Cysteine cathepsin in PD: In another study in JBC, researchers at the National Institutes of Health found that truncations of the C-terminals of α-synuclein in Lewy bodies are linked to the activities of cysteine cathepsins that promote amyloid formation and contribute to PD pathogenesis.

Protein homeostasis in PINK1 and PD: In an article published in the journal Molecular & Cellular Proteomics in October, researchers at the University of Chinese Academy of Sciences in Beijing found that proteostasis, mitochondrial health and critical signals all declined in Drosophila prior to the onset of aging and aging-associated diseases. They reported that protein synthesis decline was accelerated in PINK1 mutants, a Drosophila model of PD.

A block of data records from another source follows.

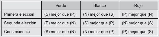 Se encarga a una comisión tomar una decisión sobre cuál es la tecnología más adecuada para la producción de energía eléctrica, escogiendo entre energía solar (S), energía nuclear (N) o combustibles fósiles como el petróleo (P). Son llamados a formar parte de la comisión un representante de los ecologistas que llamaremos Verde, un representante de la comunidad de los tecnólogos que llamaremos Blanco y un economista que llamaremos Rojo. Se trata de tres personas racionales que saben bien que quizás no lograrán hacer prevalecer su punto de vista y que, por lo tanto, es conveniente no tener sólo una opción, sino también una segunda elección para aumentar la probabilidad de evitar la que cada uno de ellos considera la más negativa. Verde, razonando desde la lógica del desarrollo sostenible, prefiere sin duda las energías renovables, esto es, la solar respecto a los combustibles fósiles, pero prefiere el petróleo a la nuclear, que conlleva, des de su punto de vista, importantísimos riesgos. Blanco, en cambio, en una lógica de desarrollo tecnológico e industrial, prefiere la elección nuclear a la solar, pero de todos modos ve con simpatía ésta última, por las potencialidades de evolución que presenta con relación al uso del petróleo, que se basa en tecnologías ya superadas. Finalmente, Rojo, que razona exclusivamente desde el coste del kW/hora producido, piensa que en la situación actual el uso del petróleo es más eficiente que el desarrollo de la energía nuclear, que conlleva inversiones elevadísimas pero, en cualquier caso, piensa que esta última es mucho mejor que la energía solar, gravemente ineficiente desde el punto de vista económico. La tabla siguiente sintetiza las posturas.
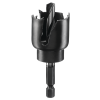Lyukfűrész spotlámpához. Szabadalmaztatott fogkialakítás a gyors munkavégzés érdekében. Egyrészes rendszer a precíz forgás érdekében. 1/4"-es hatszögletű befogóba vagy minden szabványos tokmányba közvetlenül behelyezhető. Puhafa, faforgácslemez, illetve építési fa/szerkezeti fa/fagerenda megmunkálására alkalmas. Átmérő: 30 mm.
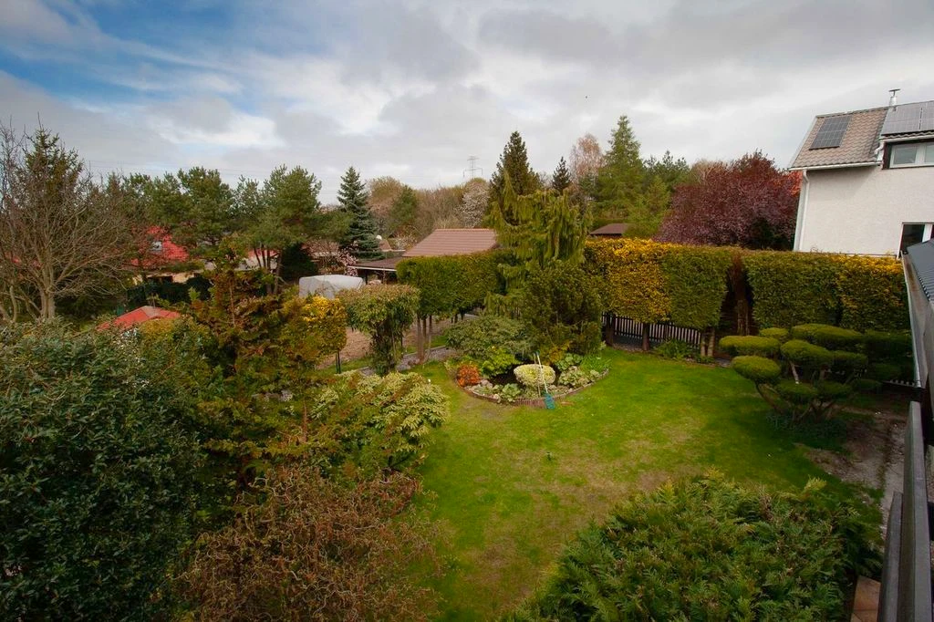 Das rechteckige Grundstück misst nominal 399 m² und wurde liebevoll um etwa 150 m² erweitert. Der Garten ist mit zahlreichen Büschen und Bäumen attraktiv bepflanzt – die grüne Wohlfühloase bietet viel Platz für Entspannung und Freizeit. Vom Wohnzimmer aus gelangen Sie direkt auf eine großzügige 10 m² große Terrasse mit Zugang zum Garten.

Lipid rafts and PD: Lipid rafts have been found to organize and determine the function of multiprotein complexes involved in signal transduction that, in turn, regulate brain homeostasis. In a paper in the Journal of Lipid Research in December, researchers at the University of Milan found a link between PD pathogenesis and altered composition of lipid rafts. 

α-synuclein species and therapeutic strategy: In a study in JBC in May, researchers at the University of Alabama’s Center for Neurodegeneration and Experimental Therapeutics found that b- sheet oligomers of α-synuclein cause significant loss of dopaminergic neurons in the striatum of mice brains. These findings might help identify therapeutic strategies to reduce formation of β-sheet fibrillar forms.